When we talk about food insecurity in New Zealand, it’s usually a question of whether or not supermarkets are affordable, or what kind of shops people can easily access: Do their neighbourhoods have plenty of fruit and veggie stores, or do they have plenty of fast-food outlets?
A significant number of New Zealanders don’t get all their food from a shop, says University of Auckland postdoctoral researcher Madeline Shelling (Ngāti Porou). When we measure food insecurity, other factors need considering, she says, like whether people can hunt, gather and grow their own kai, or access networks for sharing food.
“The only things that currently are seen as valuable are supermarkets and incomes,” says Shelling. “That’s where the government is pouring their resources. We’re all trying to say, ‘That’s not how a lot of us get a lot of our food—or how we want to get our food’.”
The fact that these other food sources aren’t considered in official metrics means they’re not seen as valuable, says Shelling, and so they’re not protected.
Who’s going hungry, and how do we know?
New Zealand measures food security with a United States-based model which was originally developed for the country in 1997. “We’ve used it ever since, and it’s very monocultural,” says Shelling. “It doesn’t recognise any kind of food system other than ‘you receive your pay packet, and then you go to the supermarket’.”
This leaves out several alternate food sources. “It ignores all Māori food systems—because we never had money or supermarkets—but it also ignores how a lot of Aotearoa gets our food. Hunting, fishing, diving, all those things… it just doesn’t include those.”
Shelling is setting out to develop a food insecurity measurement tool that’s more relevant to these other systems. “If we’re not counting those, if we’re not measuring them, we’re not assessing them, then they’re not seen as valuable.”
Around the world, indigenous groups have adapted similar tools to better understand their food networks. “Is it from trading with other people in the community?
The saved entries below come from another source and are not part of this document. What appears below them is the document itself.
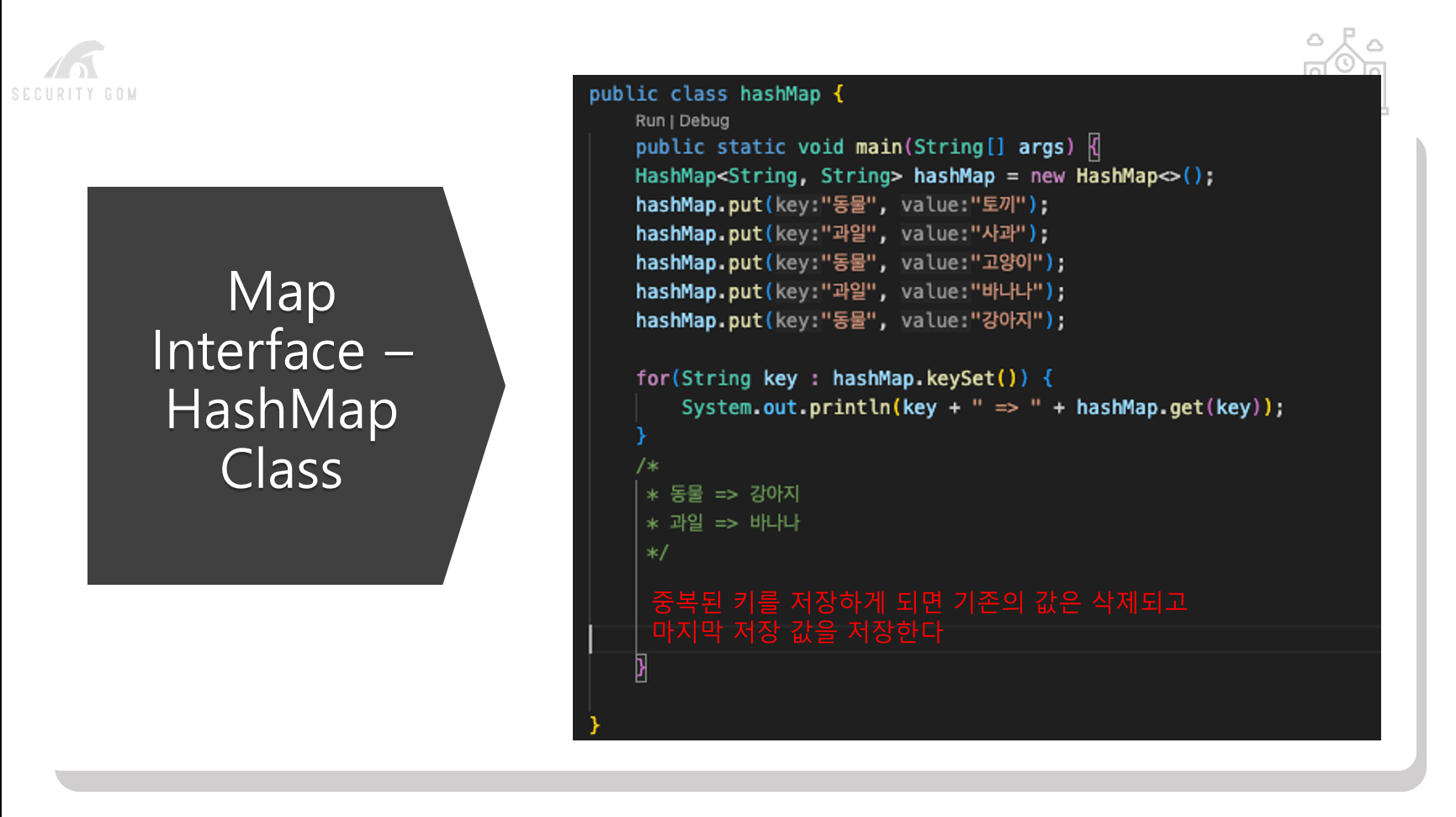 - 중복된 키를 사용하게 되면 기존 값이 삭제 되고 마지막 저장 값을 다시 저장한다.
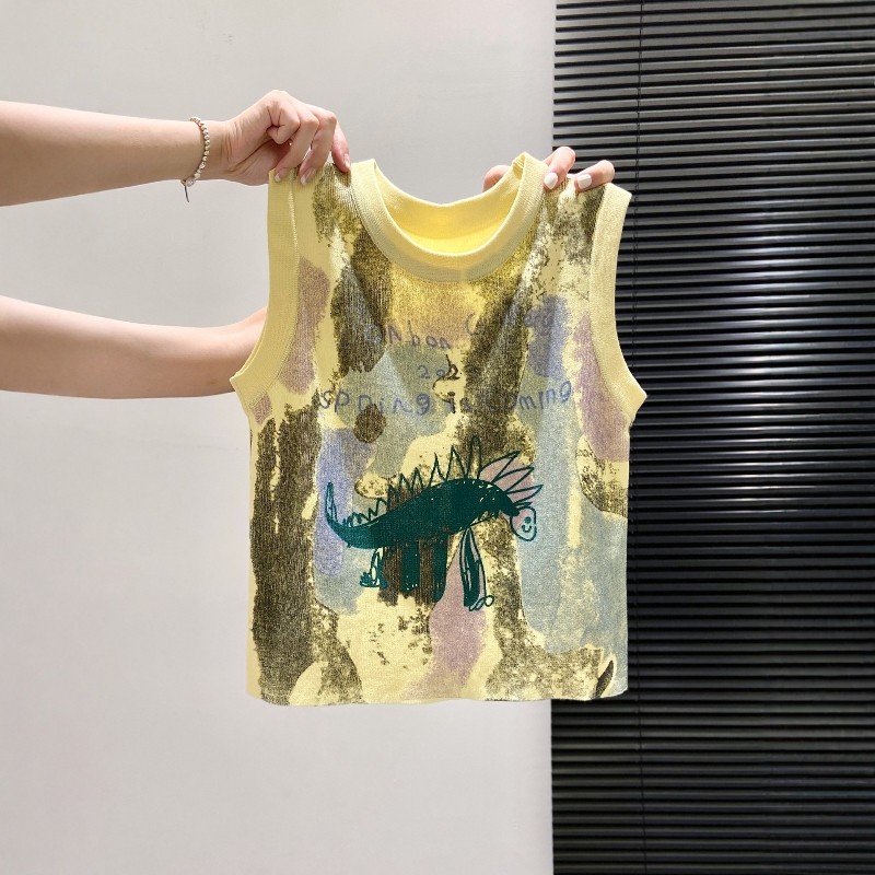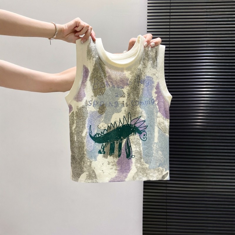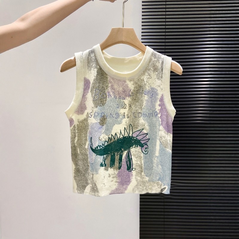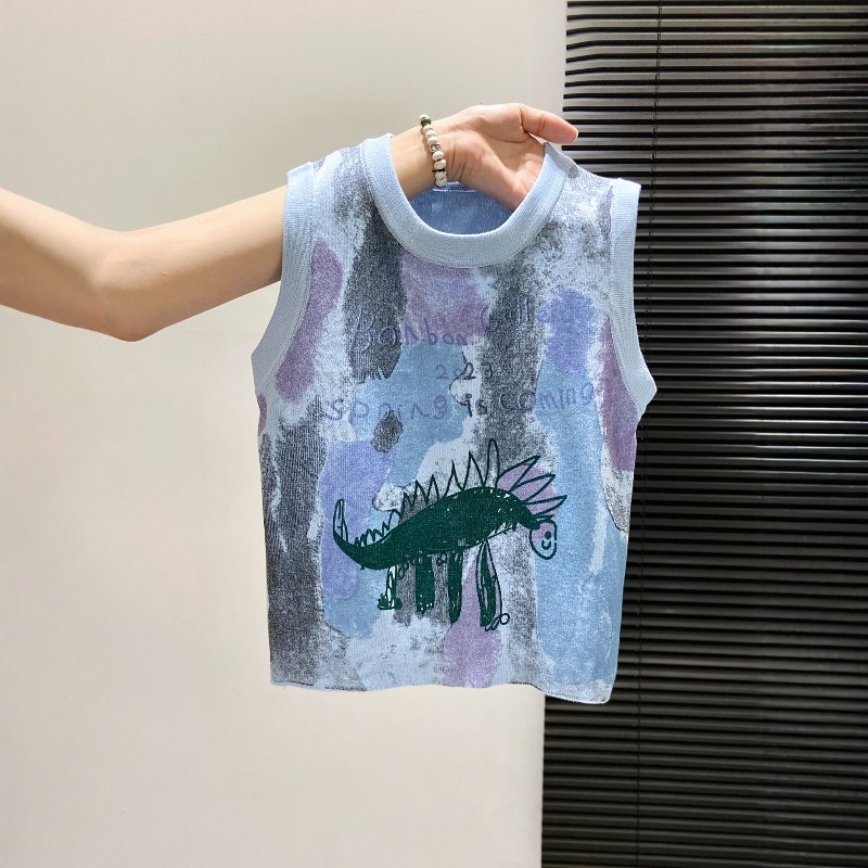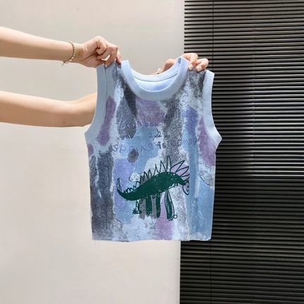 蓝色涂鸦吊带背心女夏泰式多巴胺深圳南油冰丝针织无袖外穿小上衣
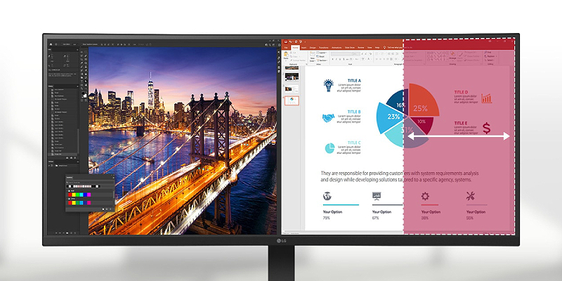 ניתן להציג מספר תוכניות בו-זמנית או לצפות בשורות נתונים ארוכות בגיליון אלקטרוני ללא גלילה אופקית.
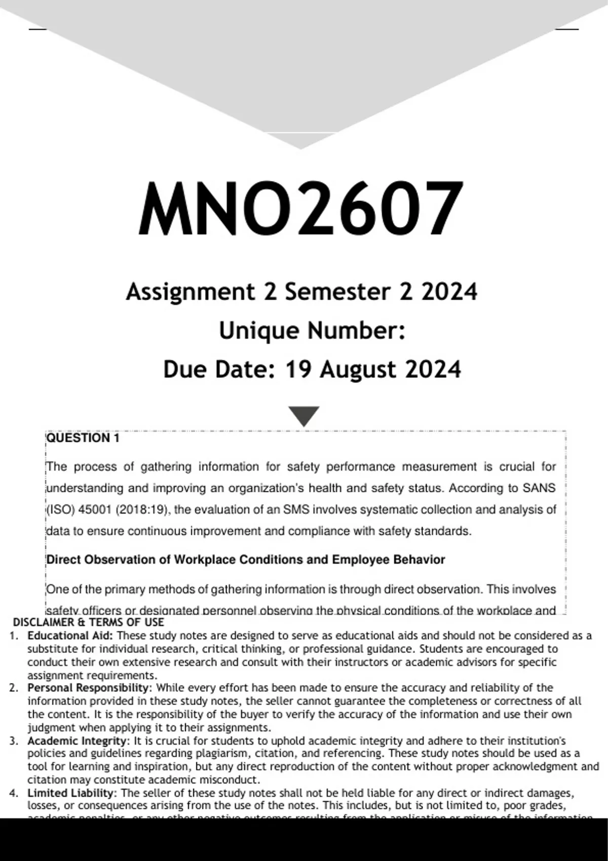 Well-structured MNO2607 Assignment 2 (ANSWERS) Semester 2 2024 - DISTINCTION GUARANTEED. (DETAILED ANSWERS - DISTINCTION GUARANTEED!)..... 1. Explain the process of gathering information for safety performance measurement. (10) 2. Illustrate and describe the PDCA cycle and risk management elements to monitoring and measuring a safety management system. (10) 3. Interpret the aim of safety audit and categories principles of safety audit compliance. (10)
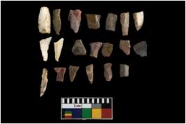 | Description / विवरण | There are n-20 of intact flake cores made up of chert. Some of them have bulge of percussion and some are flat flakes. |
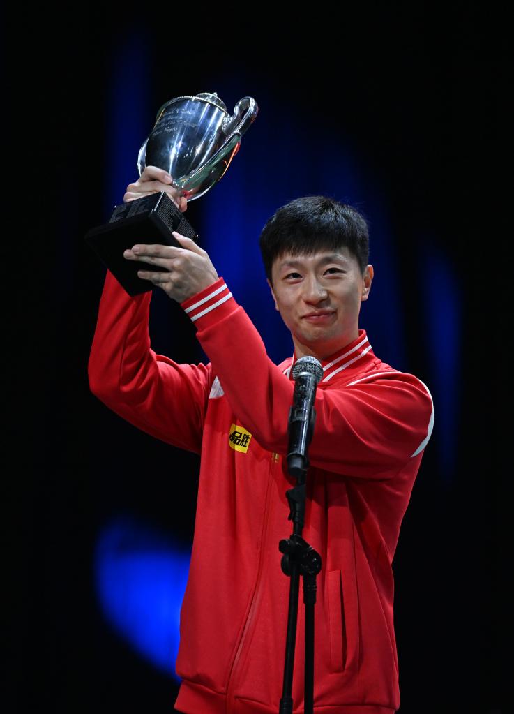 当日两场单打决赛之间,国际乒联为2015年至2019年完成世乒赛男单三连冠的马龙颁发了复刻圣·勃莱德杯。

Is it hunting? Is it fishing? Is it from a traditional ceremony? And while those seem like really basic questions, they actually give a real insight into where people get their food from.”
Loss of land directly leads to food insecurity
One of Shelling’s research participants described how their family used to put down a net in a local river to catch eels. But when they lost access to the river, they also lost a cheap and healthy food source—one that has figured prominently in the Māori diet for centuries.
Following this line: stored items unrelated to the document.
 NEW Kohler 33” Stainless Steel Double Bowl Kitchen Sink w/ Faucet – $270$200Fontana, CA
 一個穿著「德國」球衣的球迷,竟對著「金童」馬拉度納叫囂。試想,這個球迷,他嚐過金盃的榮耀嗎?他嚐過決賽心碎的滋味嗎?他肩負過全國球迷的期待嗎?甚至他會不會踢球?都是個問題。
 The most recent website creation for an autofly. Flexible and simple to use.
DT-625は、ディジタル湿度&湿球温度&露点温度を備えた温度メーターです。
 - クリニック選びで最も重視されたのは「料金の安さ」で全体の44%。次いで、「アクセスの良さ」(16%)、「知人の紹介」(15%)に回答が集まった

In fact, land alienation has long been a driver of food insecurity for Māori, found Shelling’s PhD research. “All of the ordinances and legislation from the Native Lands Act in 1862 have directly impacted Māori food insecurity since that time,” she says. The illegal confiscation of land—and all of the gardening, foraging, gathering and hunting areas it contained—also cut off the transmission of information around food preparation and use. “It’s a loss of language, of knowledge, of connection to their food sources,” she says.
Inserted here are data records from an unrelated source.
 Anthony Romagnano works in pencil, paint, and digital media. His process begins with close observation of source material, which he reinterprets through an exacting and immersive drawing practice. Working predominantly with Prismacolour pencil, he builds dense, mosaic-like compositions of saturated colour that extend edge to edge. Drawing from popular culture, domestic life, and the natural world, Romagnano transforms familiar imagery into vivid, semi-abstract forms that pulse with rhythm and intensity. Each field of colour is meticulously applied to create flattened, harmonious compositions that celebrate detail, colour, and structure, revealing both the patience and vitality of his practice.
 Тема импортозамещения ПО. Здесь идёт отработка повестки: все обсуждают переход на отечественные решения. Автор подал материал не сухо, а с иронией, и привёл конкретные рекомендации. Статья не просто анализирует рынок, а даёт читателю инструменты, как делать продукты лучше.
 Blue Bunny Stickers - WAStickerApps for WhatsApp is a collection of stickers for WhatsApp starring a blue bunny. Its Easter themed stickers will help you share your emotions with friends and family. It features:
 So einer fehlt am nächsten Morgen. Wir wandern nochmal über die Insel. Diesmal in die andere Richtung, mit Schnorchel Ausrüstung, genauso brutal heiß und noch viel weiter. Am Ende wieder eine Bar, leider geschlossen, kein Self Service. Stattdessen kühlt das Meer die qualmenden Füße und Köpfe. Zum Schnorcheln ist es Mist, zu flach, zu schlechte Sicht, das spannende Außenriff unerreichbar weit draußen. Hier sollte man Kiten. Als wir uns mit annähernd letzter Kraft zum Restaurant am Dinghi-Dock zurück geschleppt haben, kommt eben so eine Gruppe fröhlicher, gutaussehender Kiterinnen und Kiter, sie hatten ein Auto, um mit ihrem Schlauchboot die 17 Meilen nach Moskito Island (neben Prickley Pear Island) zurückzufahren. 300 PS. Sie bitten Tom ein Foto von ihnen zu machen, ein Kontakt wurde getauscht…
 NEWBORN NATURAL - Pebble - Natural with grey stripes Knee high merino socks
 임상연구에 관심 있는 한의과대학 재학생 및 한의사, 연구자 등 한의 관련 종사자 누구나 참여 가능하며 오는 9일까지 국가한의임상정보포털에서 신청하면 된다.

Protecting complex, extensive food systems
Part of the problem, says Shelling, could be ignorance about the extensive nature of Māori food systems. “When you look back, the abundance year-round of Māori kai was fascinating. Now when we think about Māori kai, people are like, ‘Oh, what do you mean? Like, kererū and potatoes or whatever’? There’s this huge food system that includes not only food species, but sharing practices, knowledge practices, kaitiakitanga.”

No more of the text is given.